Test System and Setup
We updated the MEG Z390 Ace's firmware to the latest public revision and disabled the MultiCore Enhancement / Enhanced Turbo option so that the processor abides by Intel's turbo policy. Nevertheless, MSI's motherboard runs with a 100.8 MHz base clock out of the box, which slightly overclocks the processor and memory. While this might seem like an unfair advantage in a processor review, it makes no difference in our scenario as each memory speed is overclocked by the same amount.
On the software end, we used a fresh 64-bit installation of Windows 10 Professional and installed all the available updates.

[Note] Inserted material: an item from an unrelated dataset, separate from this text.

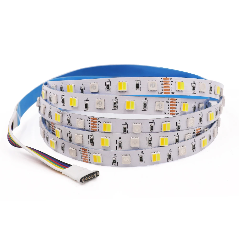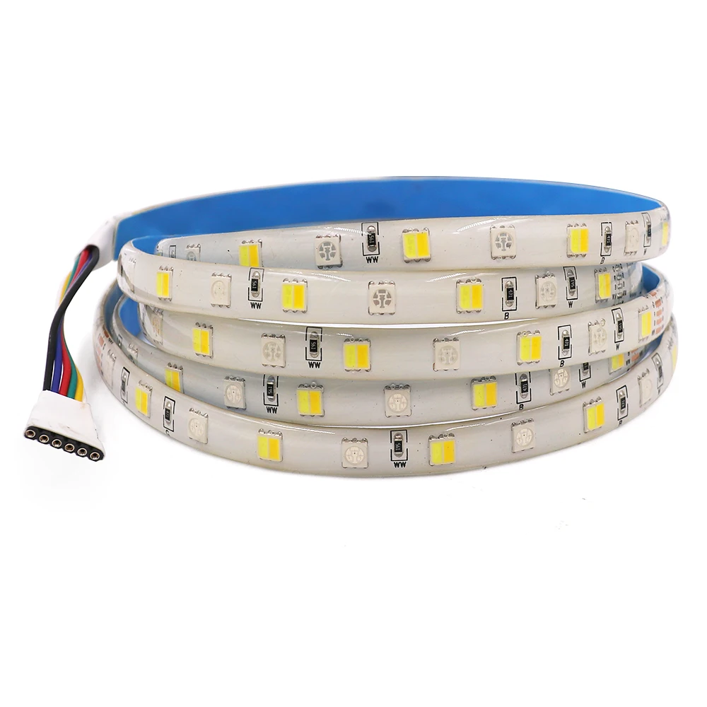 Светодиодная лента RGBCCT, 12 В, 24 В, гибкая светодиодная лента, Диодная, SMD5050, 60 светодиодовм, водонепроницаемая, светодиодсветильник па, холодный теплый белый свет, 5 м

We updated our test system's drivers, benchmarking programs, and game clients to the latest versions as well.
|Motherboard||MSI MEG Z390 Ace ($269 On B&H Photo Video)|
|Memory||G.Skill Trident Z RGB DDR4-4400 C18 16GB ($329.99 On Newegg) x 2|
|Storage||CT2000 MX500 2TB|
|CPU Cooler||Hydro H115i|
|Graphics Card||MSI GeForce RTX 2080 Ti Gaming X Trio ($1,349.99 On Newegg)|
|Power Supply||Seasonic X-1250 (SS-1250XM2) 1250W|
|Operating System||Windows 10 Pro with October 2018 Update|
|Display Driver||Nvidia GeForce Graphics Driver 417.35 WHQL|
|Display||Asus ROG Swift PG27AQ|
For this article, we tested 11 different memory frequencies in total that span from the standard JEDEC DDR4-2133 all the way up to DDR4-4400. Instead of applying the XMP profile, we configured the settings manually inside the BIOS. Subsequently, we verified the frequency inside the operating system with the help of CPU-Z. To ensure an acceptable level of consistency amongst the tests, we ran each benchmark three times and used the median value as the final result.